Our study has a few caveats. A major requirement for our study was the need for fully annotated chromosomal-level genomes. Most of the teleost fish genomes that fit these criteria were of tropical and subtropical fish species, with comparatively fewer species representing temperate, boreal, and polar fish. Although most species of fish are tropical and subtropical, studying the extent of convergence in other groups would be particularly interesting considering that temperate and boreal fishes have smaller effective population sizes than tropical fish (Daane and Detrich 2022; Bista et al. 2023). Increasing the number of temperate fish would provide insight into how their specific demographic features can influence the degree of convergence. For instance, the convergent patterns we observe may require large effective population sizes where selection as opposed to drift in the primary evolutionary force. As a result, we may observe less convergence in nontropical fishes because of their relatively lower population size and stronger influence of genetic drift, particularly in freshwater fish (Yi and Streelman 2005). Another caveat is the absence of gene expression and genetic perturbation data for the species that exhibit the convergent substitutions, which forced us to use zebrafish as a proxy. It is possible that the convergent genes in these species display a more tissue-specific expression, functioning preferentially in their target tissues as compared to the other tissues, suggesting a coordinated evolution of gene regulation and coding sequences. It would be particularly interesting to explore the possibility of coevolution of mutational effects at the cis-regulatory and coding sequence level (Stern and Orgogozo 2008). This possibility presents an alternative explanation for our findings, which we aim to explore in future studies.
Materials and methods
Data collection and estimating orthologs
In our study, we obtained chromosomal-level annotated teleost fish genomes from the NCBI genomes (Sayers et al. 2022) and Ensembl genome databases (Martin et al. 2023) (Table S1). Using an initial list of species, we obtained taxonomic information from FishBase (Sa-a et al. 2000. www.fishbase.org, Houde and Zastrow 1993; Sa-a et al. 2000) and a time-calibrated, rooted species tree from timetree.org (Kumar et al. 2022) (Figure S13). We only included species that were present in the species tree and downloaded their protein and coding sequences. Using the protein sequences from a final set of 143 species, we constructed orthologs using OrthoFinder (Emms and Kelly 2019), resulting in 40,940 orthogroups containing 98.2% of all the genes (Table S5). The final dataset consisted of 9,224 orthogroups with around 2 million orthologous genes (Dataset S1 in online repository).

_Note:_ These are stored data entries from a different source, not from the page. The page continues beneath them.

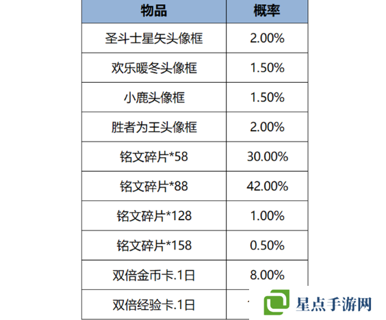 1、打开后可随机获得以下奖励之一:圣斗士星矢头像框、欢乐暖冬头像框、小鹿头像框、胜者为王头像框、双倍金币卡:1日、双倍经验卡:1日、铭文碎片x158/128/88/58。
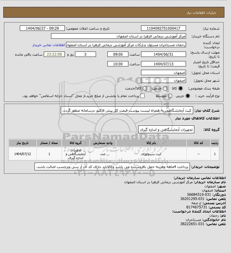 1 -- کیت سیتولوژی عدد تجهیزات آزمایشگاهی و اندازه گیری 1 1404/07/12
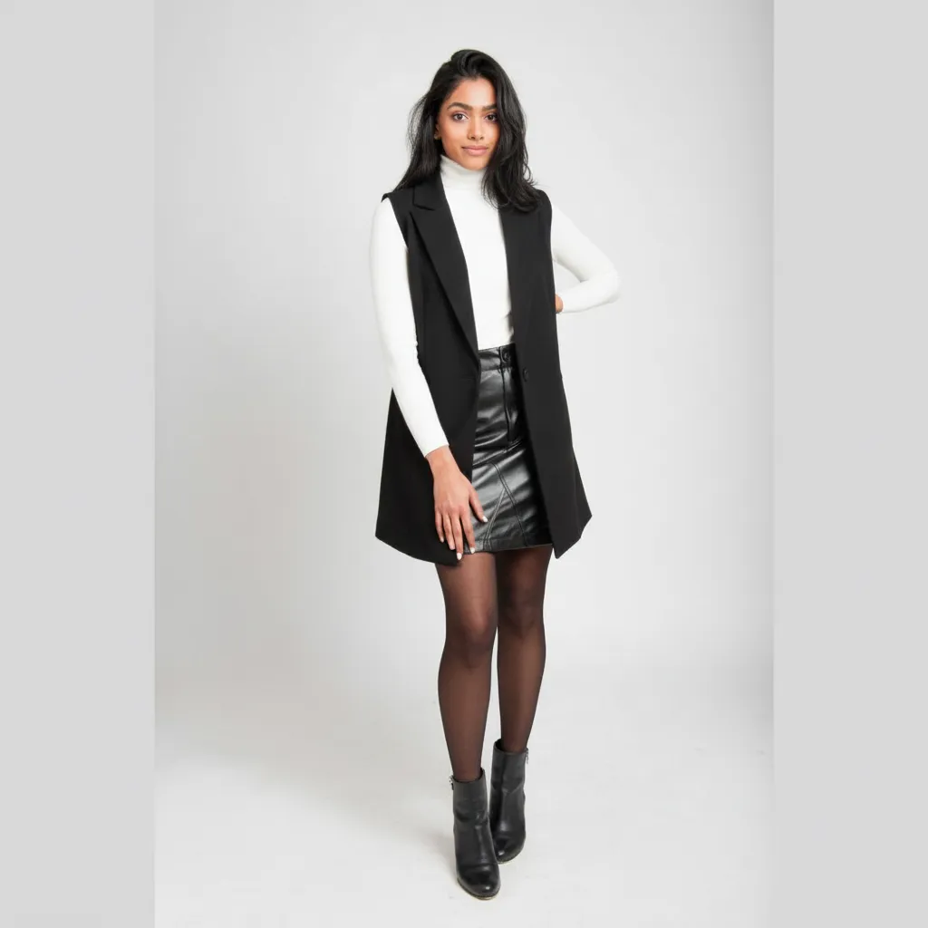 A sleeveless vest over a fitted turtleneck offers a chic, layered look that transitions well from chilly mornings to warmer afternoons.
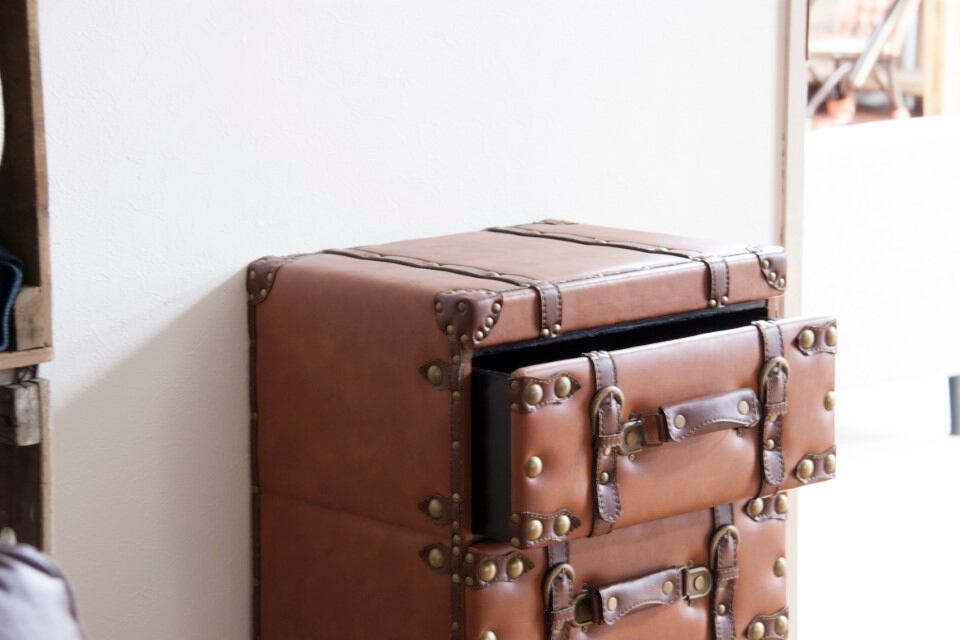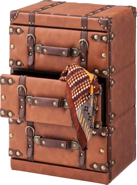 チェスト3段 レザーボストンバッグ調引き出し棚

Processing of the orthologs
Prior to running the CSUBST algorithm, we executed a series of preprocessing steps, closely following the guidelines outlined in the CSUBST wiki (https://github.com/kfuku52/csubst/wiki/Preparing-CSUBST-inputs). First, we used the CDSKIT v0.91 tool (https://github.com/kfuku52/cdskit) to isolate the longest isoform for each gene and make the sequences in-frame. Next, using TRANSeq v6.6.0 (Madeira et al. 2022), we translated the coding sequences into protein sequences, followed by alignment using MAFFT v7.481 with the “auto” option (Katoh and Standley 2013). We then performed a translation alignment using TRANALIGN v6.6.0 (Madeira et al. 2022) and trimmed poorly aligned sequences using TRIMAL v1.4.1 (Capella-Gutiérrez et al. 2009) with the “ignorestopcodon” and “automated1” options. Finally, we masked and removed ambiguous sites in the alignment using the “mask” and “hammer” functions of CDSKIT v0.91.

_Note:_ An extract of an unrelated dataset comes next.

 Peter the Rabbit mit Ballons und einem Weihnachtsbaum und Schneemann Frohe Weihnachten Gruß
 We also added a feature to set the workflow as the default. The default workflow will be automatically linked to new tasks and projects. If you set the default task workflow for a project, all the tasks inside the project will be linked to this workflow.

We used IQ-TREE v2.0.3 (Minh et al. 2020) with the MPF model, and 1,000 ultra-fast optimized bootstrapping replicates (“bnni” option), to construct gene trees. We rooted and reconciled the gene trees with the species trees using a combination of GeneRax v1.1.0 (Morel et al. 2020) and NWKIT v0.10.0 (https://github.com/kfuku52/nwkit).

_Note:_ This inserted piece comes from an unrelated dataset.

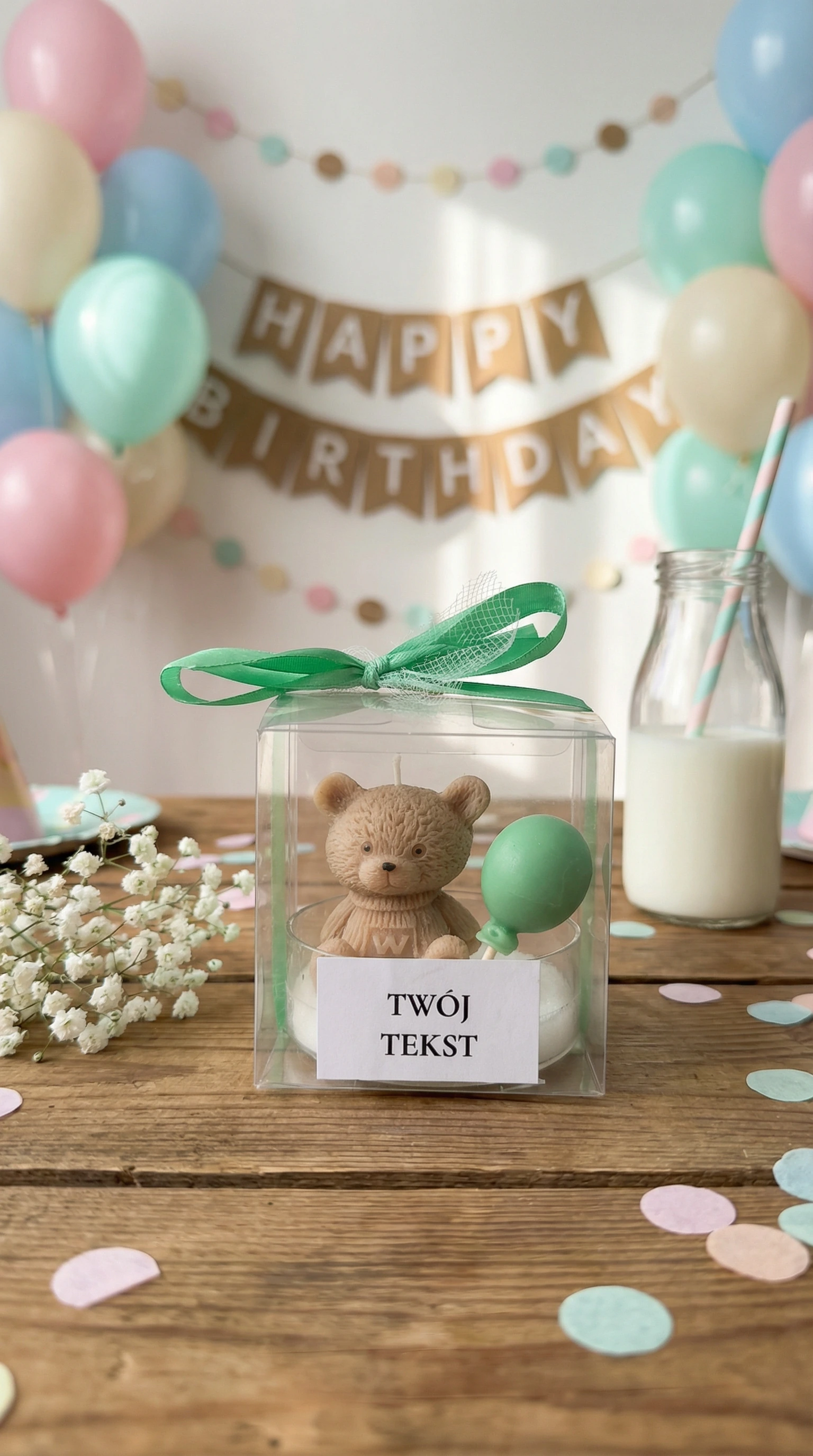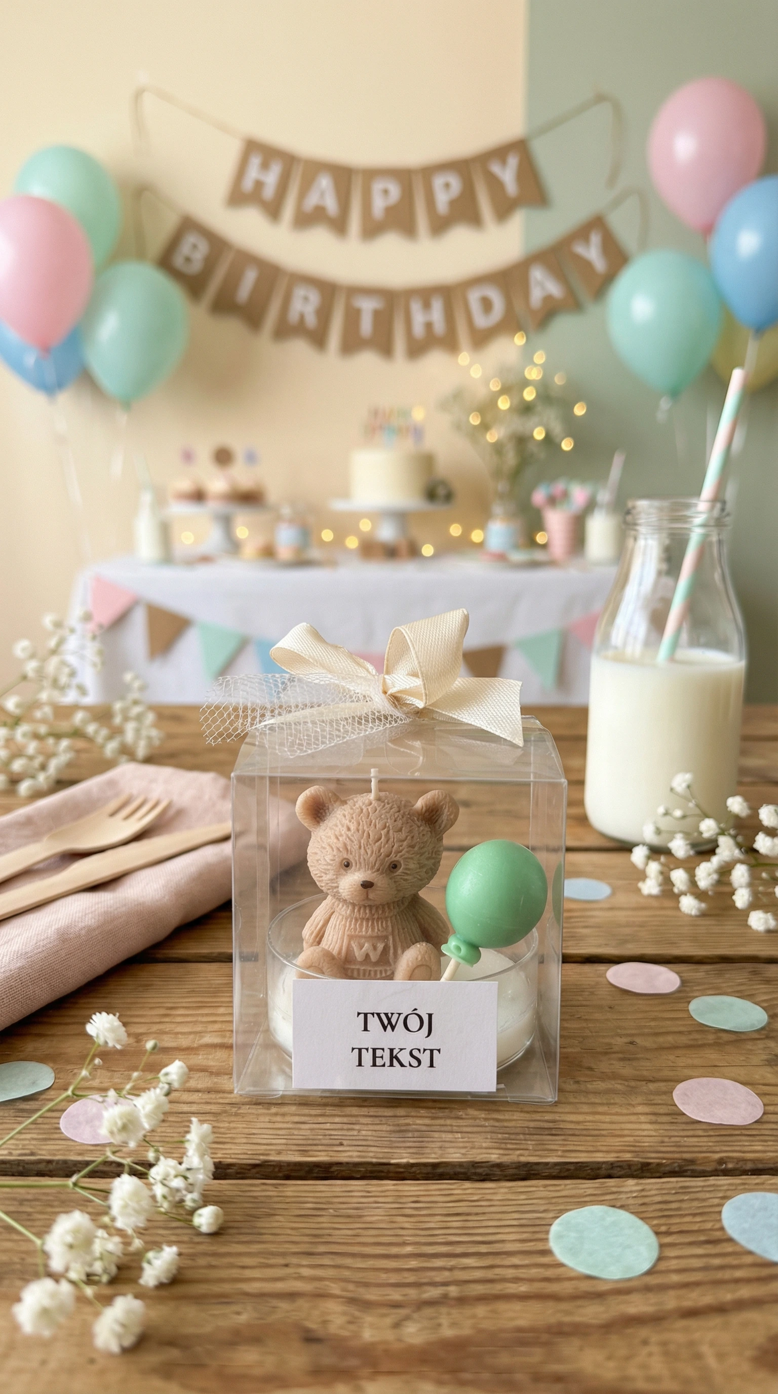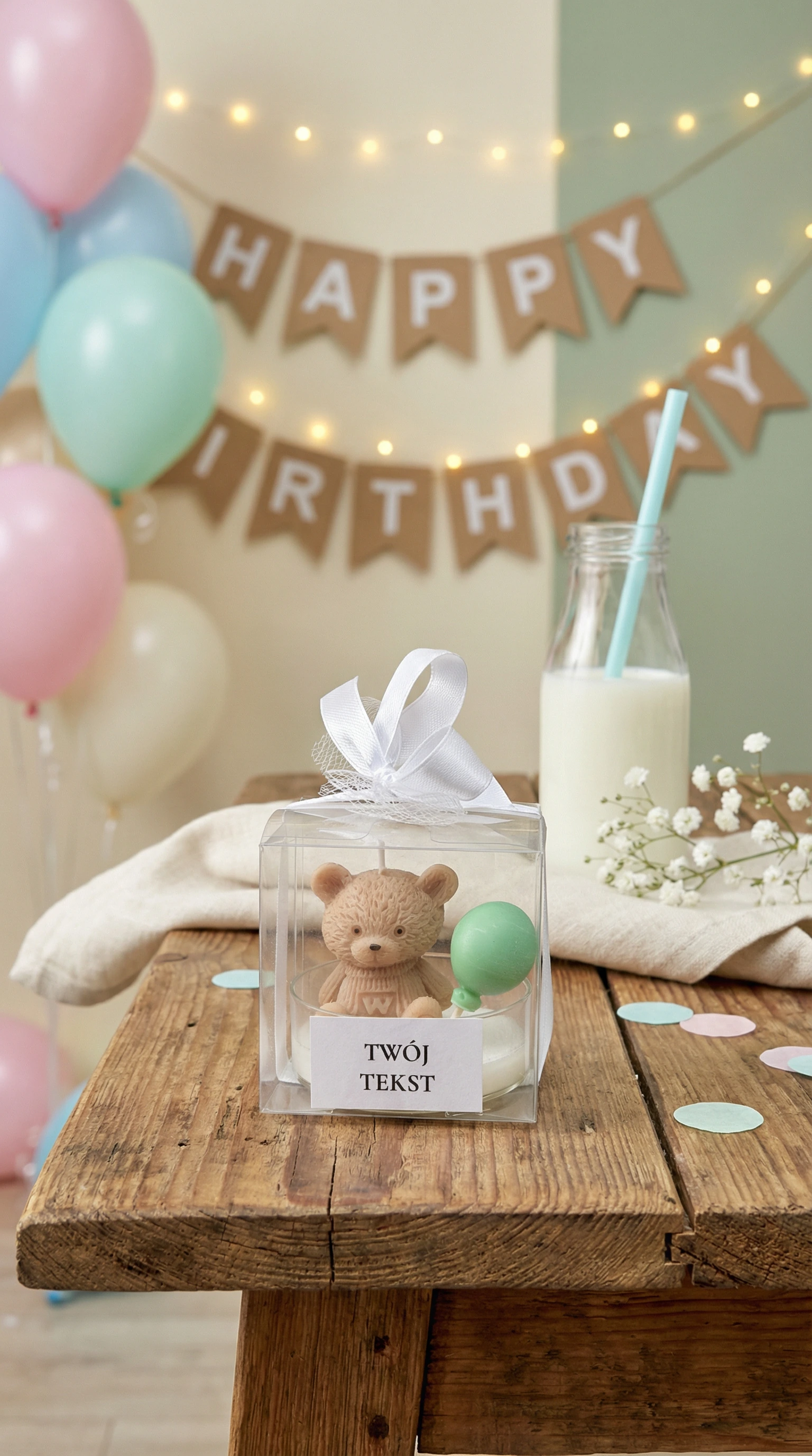 Podziękuj swoim gościom w wyjątkowy sposób – ręcznie robioną świecą sojową z uroczym misiem, zapakowaną w eleganckie pudełeczko z personalizowaną etykietą.

Detailed scripts and commands utilized throughout these steps can be found within the “Scripts” folder in the online repository. We also provide a conda environment YAML file that users can use to recreate the environment for the current preprocessing step as well as the following analysis step. We ran the convergence analysis using a rooted time-calibrated species tree obtained from timetree.org (Kumar et al. 2022).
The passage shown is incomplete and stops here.